RS09/Toll Like Receptor (TLR) 4 agonist – APPHALS – CAS 1449566-36-2
Toll Like Receptors (TLRs)
Toll Like Receptors (TLRs) are an important family of type I transmembrane Pattern Recognition Receptors (PRRs) that play a key role in activating and linking the innate immune system to adaptive immunity, by sensing invading pathogens or endogenous damage signals. TLRs are expressed on sentinel cells, including macrophages and dendritic cells, and there are ten functional receptors in human (TLR1–10) and twelve in mice (TLR1−9, 11−13).
TLR4 and LPS recognition
When TLRs are activated, they recruit specific adaptor proteins into the cytosol of immune cells. These adaptors act as messengers to activate transcription factors NF-κB and IRFs, which are the two major effectors of the Innate Immune Response (IIR).

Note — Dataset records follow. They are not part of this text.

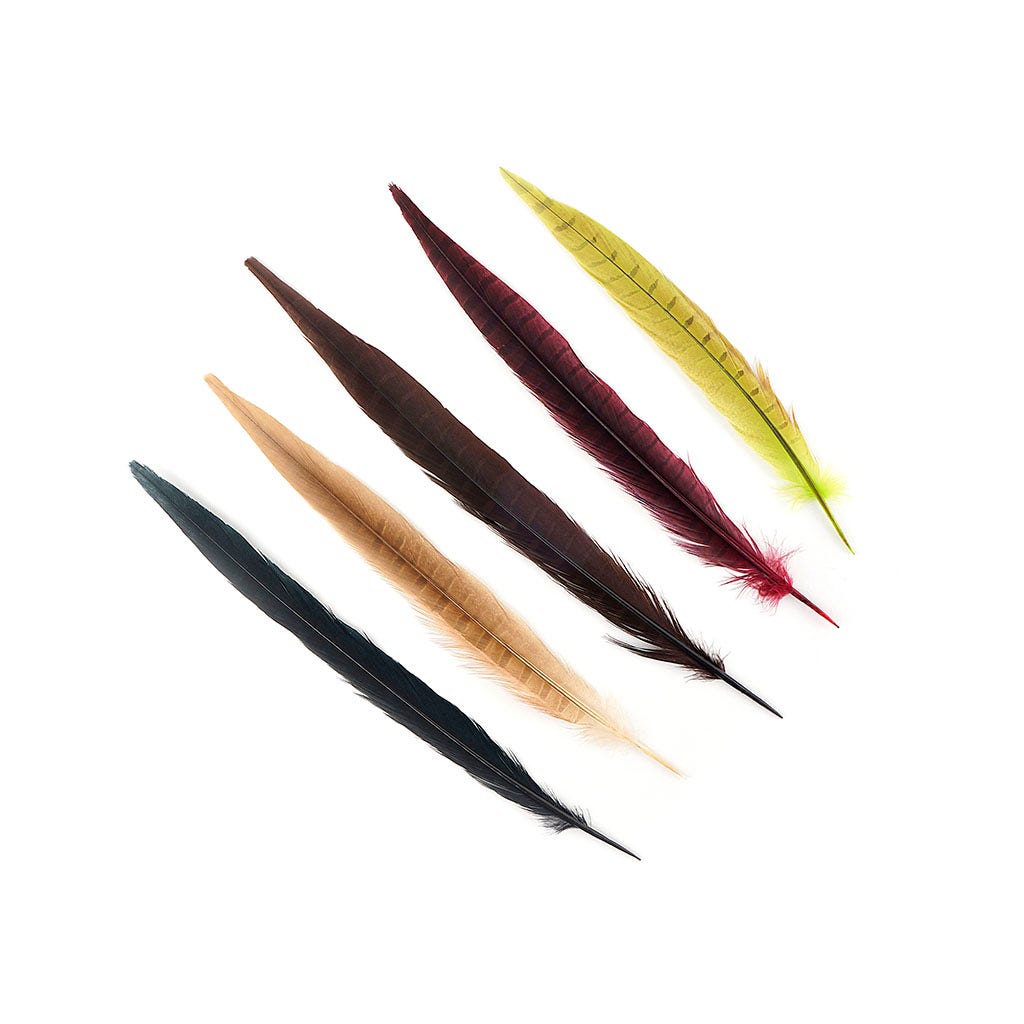 This product is part of our Pheasant Feathers - Assorted Bleached- Dyed Ringneck and Golden Pheasant Tail Feathers category.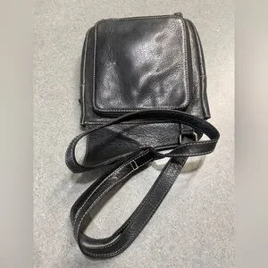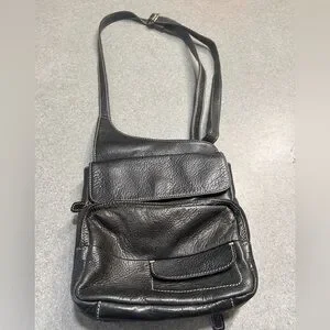 Vintage fossil, pebble leather, black sling bag/saddle bag, Crossbody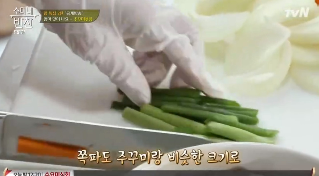 9. 쪽파도 주꾸미랑 비슷한 크기로 잘라주세요.

Among membrane-based TLRs, TLR4 is well known for recognizing lipopolysaccharides (LPS) on myeloid cells surface. These cells express LY96 (or MD-2) and CD14 proteins at high level, which are used in collaboration with TLR4 to mediate signal transduction.
Recruitment of intracellular adaptor proteins requires dimerization of the TLR4/MD-2 complex, initiated by LPS binding to Lipopolysaccharide Binding Proteins (LBPs). This LPS-LBP complex will then be recognized by CD14 that will transfer LPS to MD-2, which is associated with TLR4 on the cell surface and without which LPS recognition by TLR4 would fail.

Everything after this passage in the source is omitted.